Soldiers from an EU-led stabilization force in the Central African Republic are alleged to have sexually abused girls, UN officials said Friday, the latest in a string of similar cases in the country.
Previous allegations had been made against French and UN peacekeepers deployed to bring stability to CAR.
The UN human rights office in Geneva said that two girls told a UN team that they were raped by soldiers of the European Forces Republic of Central Africa (EUFOR) mission, while two others said they were paid to have sex with soldiers from the mission that ended last year.
Three of the four alleged victims named Georgian EUFOR members as the perpetrators.

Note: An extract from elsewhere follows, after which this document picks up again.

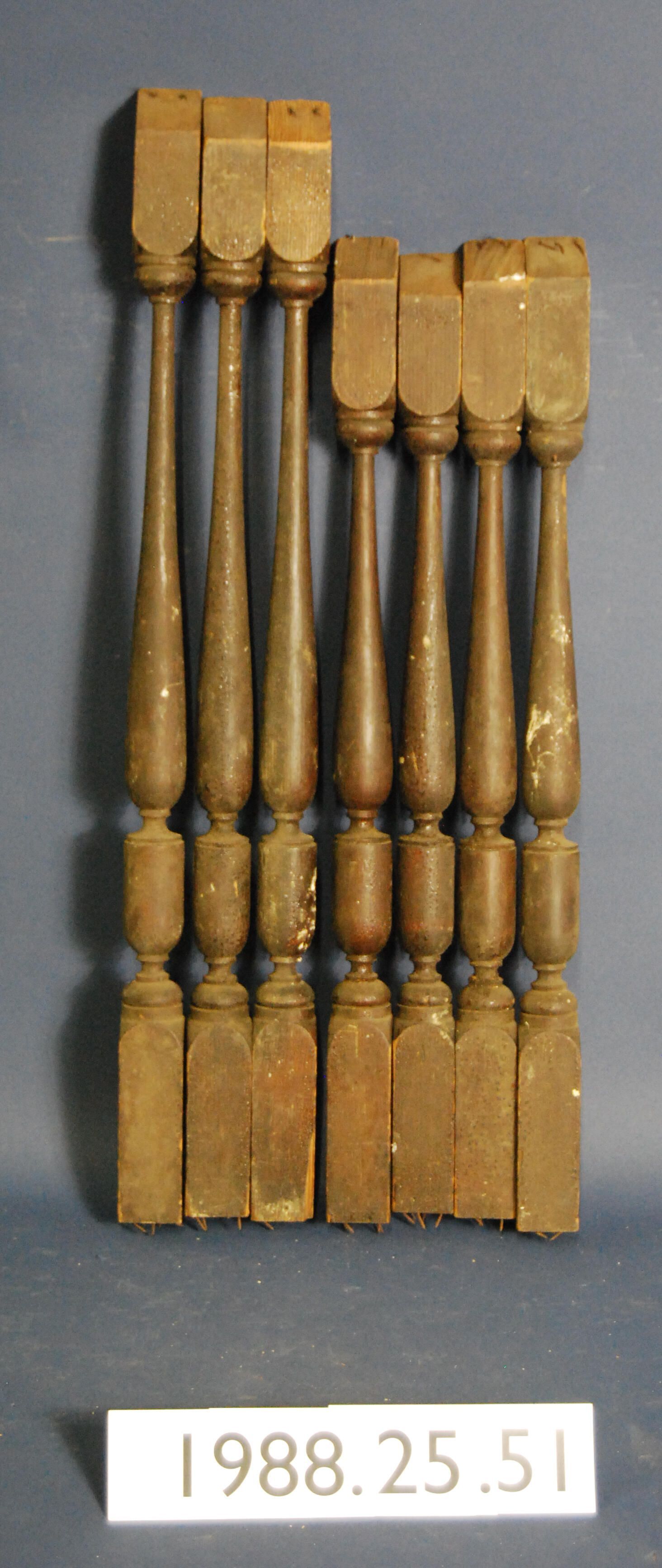 One lot of Seven turned stair balusters. Urn-shaped motif. Two different heights within group. Angle-cut at top end. Softwood. Varnished.

The girls were between 14 and 16 when the alleged crimes took place in 2014.
In addition, a boy and a girl told UN human rights officers they were each sexually abused in the same year by several French soldiers that were part of France's Sangaris peace operations in CAR.
"The girl said she had performed oral sex on French soldiers in exchange for a bottle of water and a sachet of cookies," the UN human rights office reported.

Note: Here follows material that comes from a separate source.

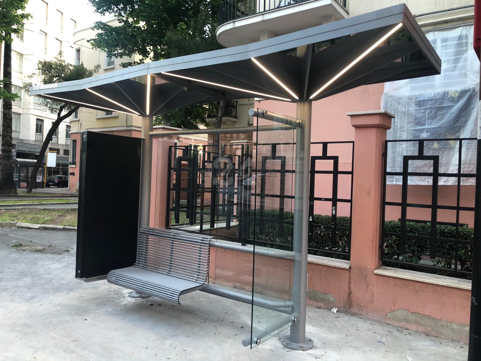 Per quanto riguarda la nuova struttura installata via De Cristoforis, nei pressi di piazza De Nicola, si tratta di un prototipo rispondente ai criteri richiesti in fase di progettazione. Il modello scelto è infatti coerente con il concept dell’ombrello, così definito grazie all’effetto dell’ombrello aperto realizzato con nove razze in acciaio inserite sulla pila centrale con illuminazione integrata. La pensilina, oltre che di una panchina ergonomica, è munita anche di prese usb per la ricarica dei cellulari, impianto fotovoltaico e totem lcd utilizzato per comunicazioni istituzionali – messaggi aziendali e comunicazioni agli utenti del servizio di trasporto pubblico -, informazioni sulle condizioni meteorologiche e annunci promozionali. Tutte le strutture saranno accessibili a persone con disabilità e, in particolare, a soggetti ipovedenti.

The girl was 7 years old at the time, while the boy was 9.
"As more and more cases emerge, implicating more and more national contingents, it is also clear that all foreign military forces, whether UN or non-UN, must employ much stronger and more effective actions to prevent further abuse and exploitation, and not just in CAR," UN human rights chief Zeid Ra'ad Al Hussein said.
The UN high commissioner for human rights has raised the new allegations with European, Georgian and French authorities, which said they had launched investigations or legal proceedings, according to Zeid's office.

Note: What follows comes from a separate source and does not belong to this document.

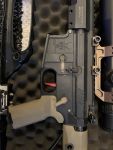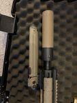 Zu erwähnen ist noch das der Innenlauf in den Schalldämpfer hineinragt weshalb ich den Schalldämpfer mit Madenschrauben dauerhaft direkt am Mündungsfeuerdämpfer befestigt habe. Auch sollte man beachten das der verbaute Feuerwahlhebel von Magpul nicht wie üblich 90* dreht sondern nur 60*

A fourth country had also been contacted because of a similar allegation, but further corroboration was still needed in this case, the UN rights office said without naming the country.
"The EU takes these allegations very seriously," an EU foreign policy spokesperson said in a statement, adding: "The EU follows a zero-tolerance policy as regards sexual misconduct or criminal activities."
Fewer than 10 members of the EU-led force - which at the time numbered 750-800 personnel - were implicated in the allegations, an EU source said on condition of anonymity, while defending Georgia's overall contribution to the mission.
"They had a very difficult task to fulfil and even given these ... extremely regrettable allegations at this stage, I can say that they conducted their task in a very professional manner in difficult situations," the source added.
The EU has sent an expert to the UN human rights office and is reviewing any information that could prove relevant, its statement said.
The states that contributed the troops in question would be responsible for any investigation and disciplinary or criminal action, it added.
French Defence Minister Jean-Yves Le Drian alerted the judicial authorities on January 19, after receiving a documentation from the UN high commissioner for human rights, according to sources close to the minister.
The turmoil in CAR, which has killed thousands of people and displaced about 1 million, began in March 2013 after Muslim Seleka rebels overthrew president Francois Bozize, a Christian.
All of the new cases took place in or near the M’Poko camp for displaced people in the capital Bangui, according to the UN findings.
A panel set up by UN Secretary General Ban Ki-moon concluded in December that the UN had failed to respond adequately to sexual abuse allegations against foreign soldiers in CAR in the past.
Earlier in January, the United Nations cited lack of discipline and preparedness when it asked Congo to repatriate its 925 peacekeepers from CAR, following allegations that some members of the contingent had sexually abused local women.